I think it isn't too unrelated to add to this discussion I've been wondering to myself for a while, would transgender people exist if we didn't have gender roles? Most transgenders arn't directly concerned with have a dick or a vagina, (at least from what I have seen) it's more down to how they look outwardly and act, and what they get to do. I hear from most of the MtF transpeople on this forum that they want to be "treated like a girl" and always wanted to do girls things when they were younger. If there wasnt an established girl things to do, or girl way to be treated or girls have to wear make-up etc would this be as common of an issue?
[editline]21st June 2013[/editline]
[QUOTE=sgman91;41123626]From a purely practical point of view gender roles are more efficient in society. The breaking apart of the family in modern times is by and large a byproduct of the breaking down of gender roles.[/QUOTE]
Would you care to expand on that statement please? "The breaking apart of the family"? and how is it caused by breaking down gender roles.
[QUOTE=BANNED USER;41131313]Specifically talking gender roles in the sense that there are boy colors and girl colors. There's boy things, and then there's girl things. Most gender roles come about with early child development and how the parents view how their children should grow up. That's when you take into account parents who switch the gender roles occasionally to build character and understanding of positions. [B]I've known a few dads who taught their daughters how to change car parts and things and moms who teach their sons how to cook and things like that. [/B]
To be honest, I'd just let my kids choose what they think they're interested in, and see if they'll commit and pursue that passion. Until your child locks in what they enjoy and like, you get an idea of how their personality will develop along with their skills in whatever it may be: sports, science, cars, etc. Doesn't matter, if my son wants to be the best damn Ballerina ever, then by the spaghetti monster, I'm gonna see him through it.
Simply put, the nurturing and education provided by the guardians of a child during their early years of development will tend to carry the traits their parents instill in them and with it basic principles for living. Gender roles aren't necessary, but they're going to happen based on the view of the parent. It's not good or bad, it isn't as black and white as that. It's how we've evolved and view ourselves. I'd have all unisex bathrooms and showers by now because there's no point at all. We've created our taboos and because of this it drives people to think that way. If we don't give a shit and understand that, holy fuck, this is how we were born, we'd probably be in a much better world.
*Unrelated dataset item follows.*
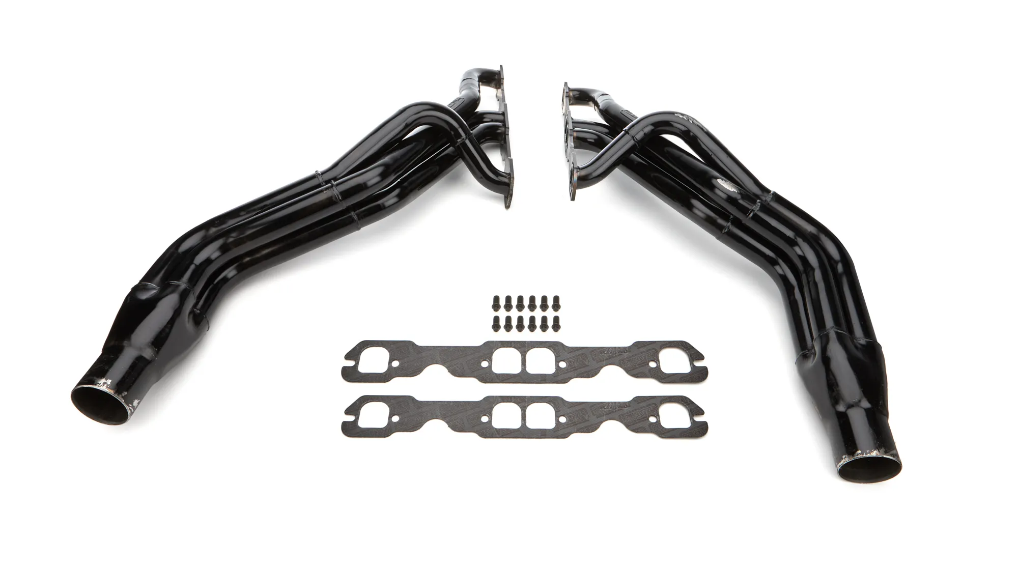 Headers – Stock Clip – 1.625 in to 1.75 in to 1.875 in Primary – 3 in Collector – Gaskets / Hardware Included – Steel – Black Paint – Small Block Chevy – Pair

But that's a different debate for another day.[/QUOTE]
I agree with pretty much all of this, however the part I bolded is a bit of an issue if you're trying to forgo the idea of gender roles because in that situation the boy still associates cooking as a task that a female performs and the girl still associates changing car parts with a task that a male performs. What'd be better in that situation is to have both the mum AND dad teach the same thing over time so that activity isn't subconsciously assigned a gender role if that's the goal you're going for there. That would also be great because it'd force the parents to start becoming versed in tasks that they might once not have been so great at.
[QUOTE=sltungle;41122687]Being gay is fine in my opinion. Homosexuality is completely cool in my books (as are people who are transgender and whatnot). That said, the human race can never afford to get to a point whereby the majority (or, worst case scenario, everyone) is gay. As fine as it is to be gay the continuation of the human species relies on the majority of people being straight (or at the very least bisexual) and having children (and we're already observing trends of population decrease in some developed nations whereby each couple has, on average, less than two children).[/QUOTE]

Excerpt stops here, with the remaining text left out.